ツールを導入する際には必要な機能を明確にして、後から機能が追加できるコンフィグ管理ツールを選ぶこともオススメです。
「コンフィグ管理製品」比較検討時の注意点は?
コンフィグ管理製品を導入する際の比較検討時の注意点はサポート体制が整っている企業を選ぶことです。
インターネット製品の管理を行うツールなので、問題が発生してしまうと機器の設定が変わってしまったりと業務に支障が出てしまうリスクもあります。
特にオンプレミス型の場合は自社でシステム構築・運用を行うため、トラブルが発生した際に提供事業者のサポート対応時間や回答までにかかる平均所要時間、どのようなサポート対応を行ってくれるのかを知っておくようにしましょう。
主要な「コンフィグ管理製品」の一覧
「Net Line Dancer」(株式会社ロジックベイン)
おすすめ対象者
分かりやすい操作性を求める方、業務効率をあげたい企業、ツールによる施術で人為的なミスを減らしたい方、社内コンプライアンスを強化させたい企業、コンフィグ管理による大幅なコスト削減を目的とする企業、
主要機能
デバイスディスカバリ(SNMP・SSH・TELNET)、設定管理、デバイスビュー、デバイスプロパティの収集、検索条件、変更ツール、設定変更後の自動バックアップ機能、バルクチェンジ機能、Cisco Zero-Touch、情報収集ツール、レポート機能エクスポート機能、ターミナルプロキシ、管理機能、ジョブ履歴、コンプライアンス機能など
特徴
導入コスト・運用コストを圧縮、セキュリティや利便性も万全、スモールスタートからMSP事業者までフォロー
費用
クラウド型の場合…ノード数100:3ヶ月166,000円・6ヶ月332,000円・9ヶ月498,000円・12ヶ月(年間)664,000円 ※ノード数500・1,000・3,000~は要問合せ
無料プランの有無
無料プランなし、無償トライアルあり(30日間)
サポートの有無
サポートあり(電話・メールによる対応、サポート対応のシステム化、)
「ManageEngine」(ゾーホージャパン株式会社)
おすすめ対象者
運用を自動化して業務効率をアップしたい企業、コンフィグ操作履歴の取得で内部統制を行いたい企業、コストを抑えてツールを導入したい企業、マルチベンダー対応のツールを求める企業
主要機能
ユーザー管理、バックアップ自動化、世代・変更管理、コンプライアンスチェック、レポート、スケジュール機能、ディスカバリーコンフィグ設定、一括変更、日本語ダッシュボードなど
特徴
運用の自動化を低コストで実現、マルチベンダー対応、未対応機器のテンプレートを開発、バックアップの省力化、差分比較・世代管理で障害発生時のコンフィグロールバックを迅速化
費用
初期費用、月額費用、その他費用については要問合せ
【参考価格(50デバイス/サポート付、税別)】
年間ライセンス:230,000円/年、初年度548,000円/年+次年度以降102,000円/年
通常ライセンス:初年度548,000円/年+次年度以降102,000円/年
無料プランの有無
無料プランなし、無償トライアルあり(30日間)
サポートの有無
サポートあり(電話・メールによるカスタマーサポート、オンライン相談)
「コンフィグ管理製品」導入のメリット、デメリット
コンフィグ管理製品を導入するメリット・デメリットについてお話していきます。
コンフィグ管理製品を導入するメリットは次のようなものが挙げられます。
- コンフィグ業務の効率化
- 人為的ミスの削減
- ネットワーク管理業務のコスト削減
- 問題の機器をすぐに特定
コンフィグ管理ツールを導入すると機器の設定を一括で管理でき、バージョンアップを自動化できるのでコンフィグ業務の効率が大幅にアップします。またツールで自動作業を行うので人為的な設定ミスも削減でき、設定に関するトラブル発生の心配が不要です。

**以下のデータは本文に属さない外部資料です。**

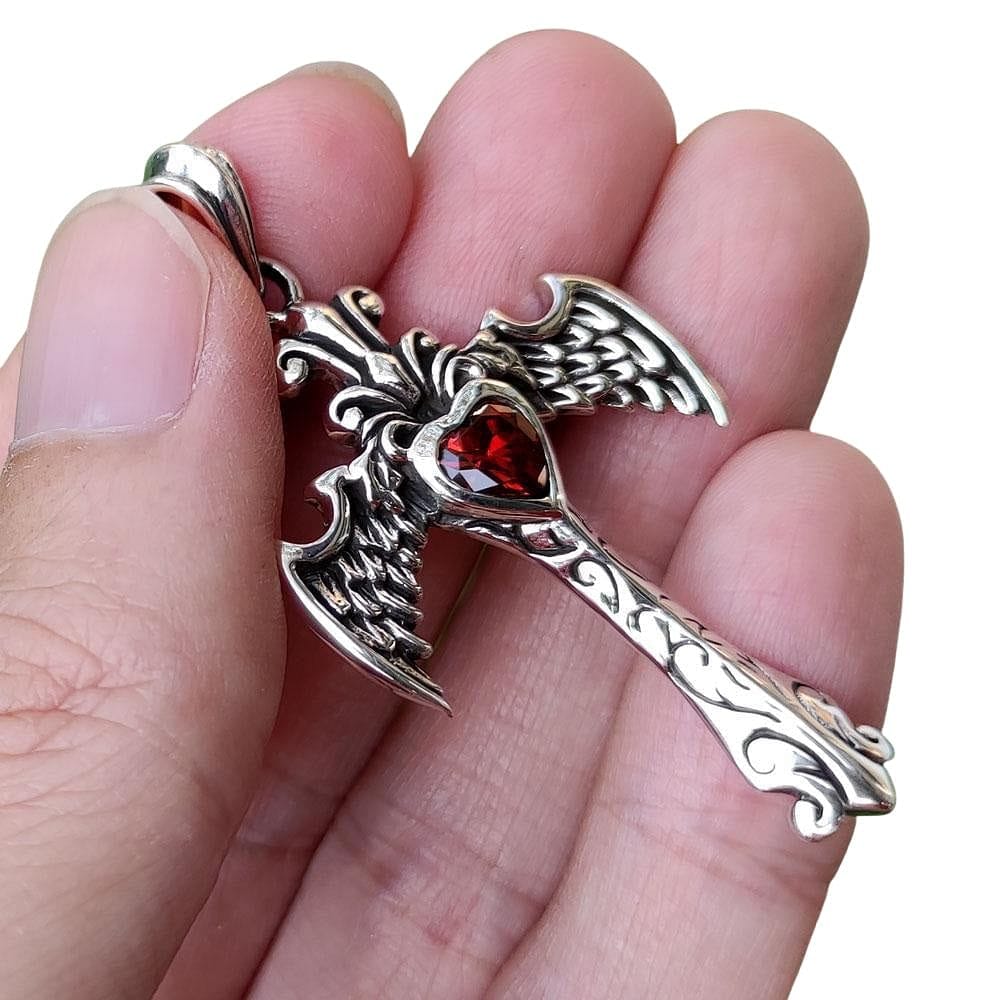 ![Röd Granat Ängelhjärtshjär Sterling Silver Silver Silver Gothic Pendent [2]](http://www.bikerringshop.com/cdn/shop/files/gothic-winged-cross-pendant-detail_{width}x.jpg?v=1766379664)

これまでコンフィグ管理を外部委託していた企業や担当者に業務負担がかかっていた場合はアウトソーシング費用・従業員の人件費も削減できるため、ネットワーク管理業務のコストをカットできます。また機器を一元管理しているので、機器にトラブルが発生するとコンフィグ管理ツールですぐに問題が行っている機器の特定が可能です。
コンフィグ管理製品を導入するデメリットは特にありませんでした。多くのインターネット機器を所有する企業は多くのメリットがあるため、導入を検討してみてくださいね。